In the fall of 1981 Bryan Murray was living on borrowed time, and he knew it. He was a teacher — and not a bad one — and a coach — pedigree undetermined — and asked his wife for just a few years to see if he could make a living as a hockey coach.

He had coached high school in Quebec, Tier II in the Western leagues, spent a successful season with the Regina Pats of the Western Hockey League and then found himself with the Hershey Bears in the American Hockey League. The parent Washington Capitals were once again searching for another head coach and Murray was asked if he wanted to interview — as a courtesy, of course.

There was only one problem. Word had it that Abe Pollin, the Caps’ owner, had all but hired the next coach — glib, media-savvy Don Cherry and his constant companion, Blue, an evil-tempered dog, who sat on the dashers and watched practice.

“I never met a man so thoroughly prepared for an interview in my life,” Pollin said years later after hiring Murray.

Earlier this week Murray, now coaching the Ottawa Senators and insisting to his wife that the job search is nearly over, won his 600th NHL game. He became just the fifth coach to do so (Scotty Bowman won 1,244; Al Arbour, 781; Dick Irvin Sr., 692, and Pat Quinn, 657). No one is even remotely close to those five.

Besides coaching in Washington, Murray was behind the bench in Detroit, Florida and Anaheim before moving back to the area where he was raised (Shawville, Quebec). Murray also spent 13 seasons as general manager of the Red Wings, Panthers and Ducks.
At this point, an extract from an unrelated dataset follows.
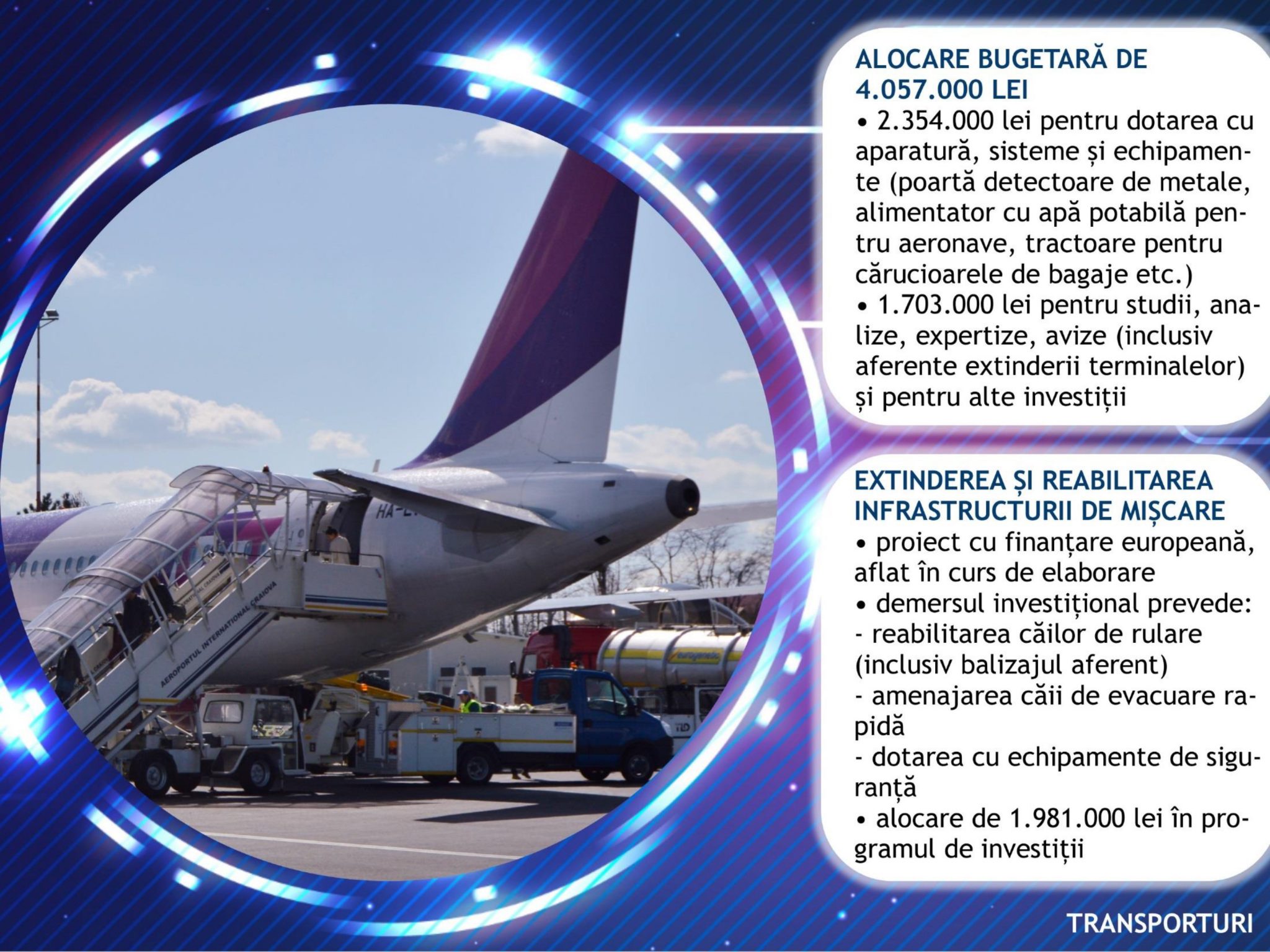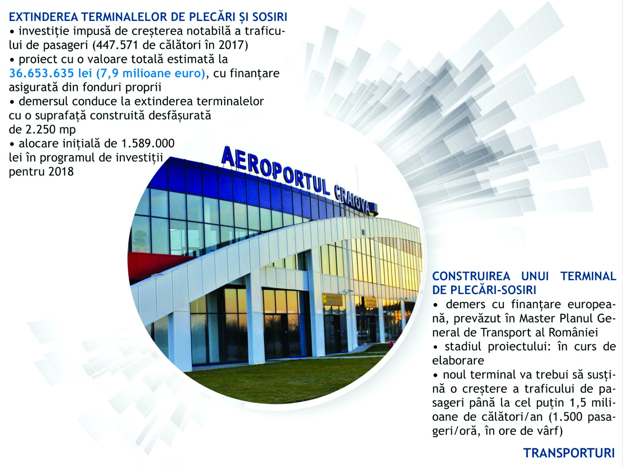 Toate acestea confirmă necesitatea demersului pe care îl derulăm din acest an, pentru extinderea terminalelor de plecări și sosiri. Investiția de aproape 8 milioane de euro va contribui în mod semnificativ la dezvoltarea aeroportului, deoarece va crea condiții pentru procesarea pasagerilor din 4 aeronave simultan și va putea susține o creștere a traficului până la aproximativ 900.000 de călători anual”, a afirmat Ion Prioteasa.

Murray coached the Caps for 672 games, from Nov. 11, 1981, to Jan. 14, 1990.At the end of a seven-game losing streak, he was replaced by his younger brother, Terry, who was being groomed for the spot while coaching the Baltimore Skipjacks.
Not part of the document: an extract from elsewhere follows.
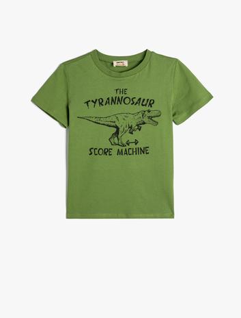 Dinozor Baskılı Tişört Kısa Kollu Bisiklet Yaka Pamuklu Sepete Ekle

Bryan Murray’s first full season in the league was an unqualified success. For the first time in their miserable eight years of existence, the Caps made the playoffs. They exited quickly, losing to the New York Islanders, who were en route to the Stanley Cup, but they were no longer a standing joke around the NHL.

But the Caps opened the 1983-84 season the same way they usually opened all other seasons. They dropped their first seven in a row and most of the games weren’t even close. General manager David Poile received a call from Pollin after loss No. 7, 3-0 to Hartford, suggesting that maybe the key parties should get together for breakfast the next morning.

Murray knew what that meant. There was plenty of hope after making the playoffs the previous spring but that had been mostly dashed after an 0-7 start. Perhaps coaching at Shawville High School wasn’t so bad after all.

As Murray remembered the meeting years later, there was some nervous small talk before Pollin asked the only question asked that day.

“Bryan, we’re off to an awfully slow start this season. Anything I can do?”

From that day forward, the Caps finished the season with a 48-20-5 record, the most wins in team history to that point; finished with more than 100 points (101) for the first time, made the playoffs again and beat Philadelphia in the first round before losing to the Islanders in the second round.